Exercise material START

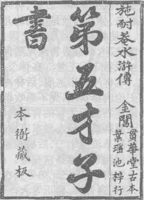 清初金阊本衙藏板叶瑶池覆刊贯华堂刊本《水浒传》扉页书影
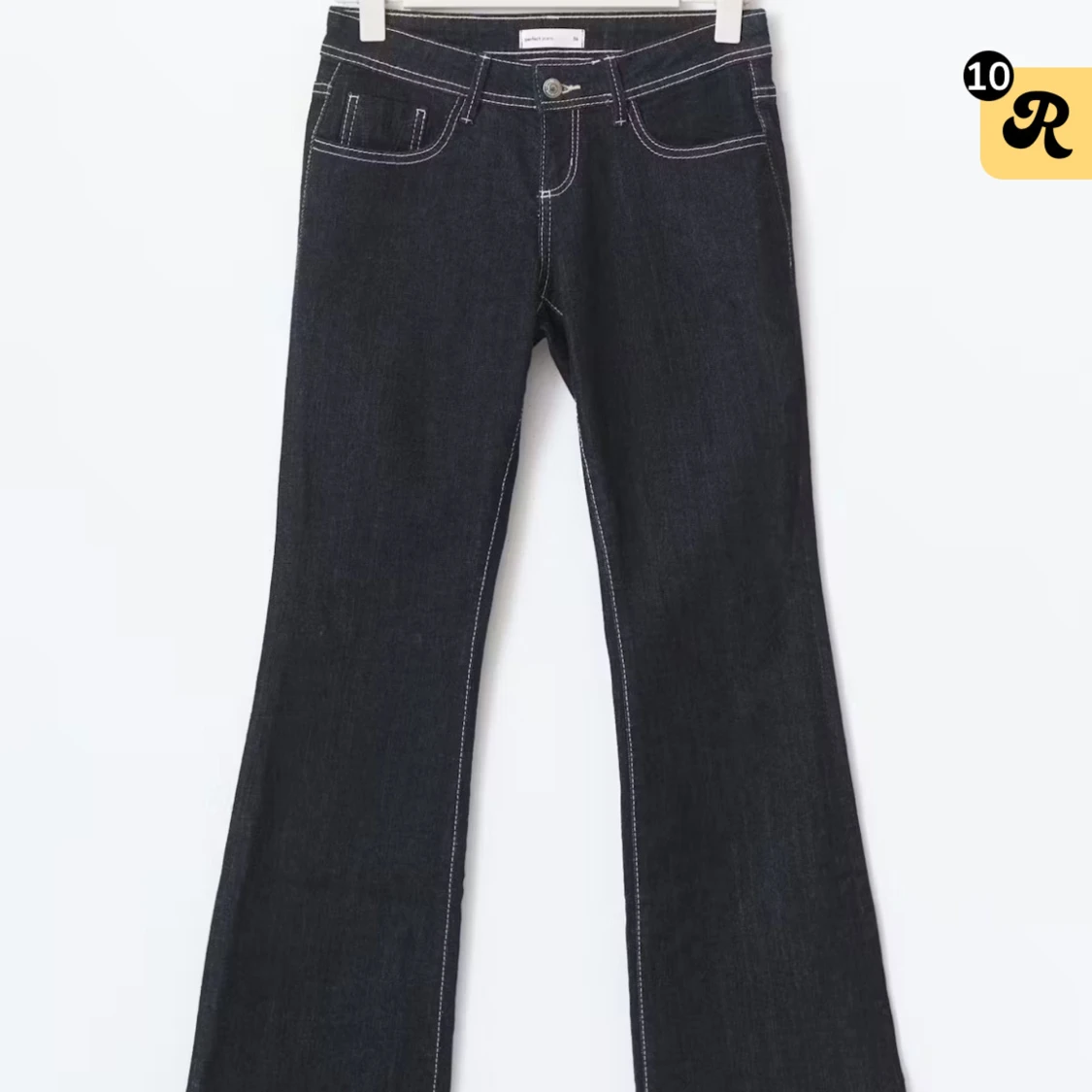 Snygga mörkblå jeans från gina tricot med bootcut passform och låg midja. Jeansen har tydliga vita kontrastsömmar, klassiska fem fickor och stängs med knapp och dragkedja. Perfekta för dig som gillar en retroinspirerad look.
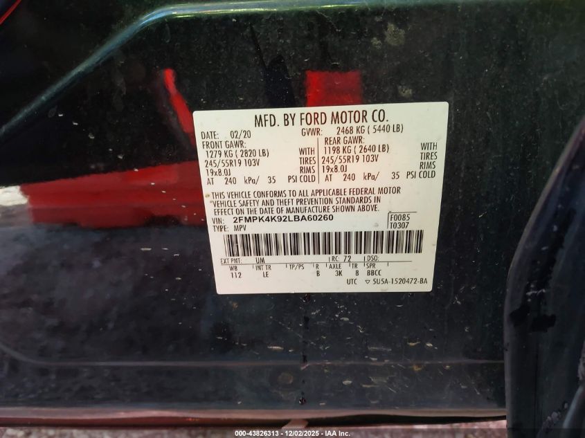 2020 FORD EDGE 2020 року Бензин, 2.0, Полный привод, vin - 2FMPK4K92LBA60260 из США
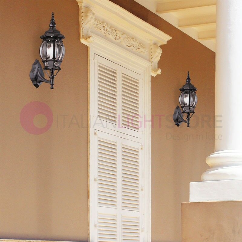 Lampada da parete classica per esterni, realizzata in materiale composito Duralighting, colore nero. Lanterna a parete per esterni in materiale DURALIGHTING, ideale per illuminare spazi aperti, porticati, balconi, giardini e verande. Dimensioni: altezza50 cm.;
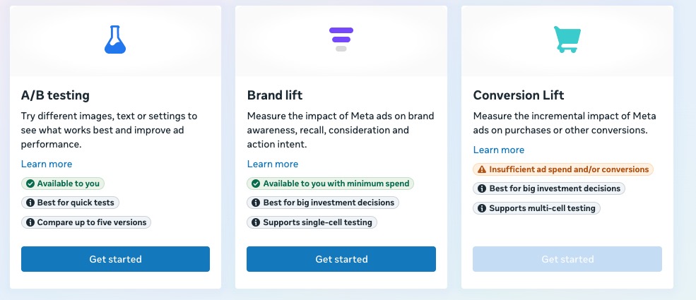 One of the key ways that Meta supports experimentation is through its built-in A/B testing feature, which allows you to run ads against one another in a controlled and more robust way. It is slower, but more reliable.

Exercise material END

**Task instructions:** Only the listing above, set down exactly and without pictures, belongs in the answer.

**Written response:**
 清初金阊本衙藏板叶瑶池覆刊贯华堂刊本《水浒传》扉页书影
 Snygga mörkblå jeans från gina tricot med bootcut passform och låg midja. Jeansen har tydliga vita kontrastsömmar, klassiska fem fickor och stängs med knapp och dragkedja. Perfekta för dig som gillar en retroinspirerad look.
 2020 FORD EDGE 2020 року Бензин, 2.0, Полный привод, vin - 2FMPK4K92LBA60260 из США
 Lampada da parete classica per esterni, realizzata in materiale composito Duralighting, colore nero. Lanterna a parete per esterni in materiale DURALIGHTING, ideale per illuminare spazi aperti, porticati, balconi, giardini e verande. Dimensioni: altezza50 cm.;
 One of the key ways that Meta supports experimentation is through its built-in A/B testing feature, which allows you to run ads against one another in a controlled and more robust way. It is slower, but more reliable.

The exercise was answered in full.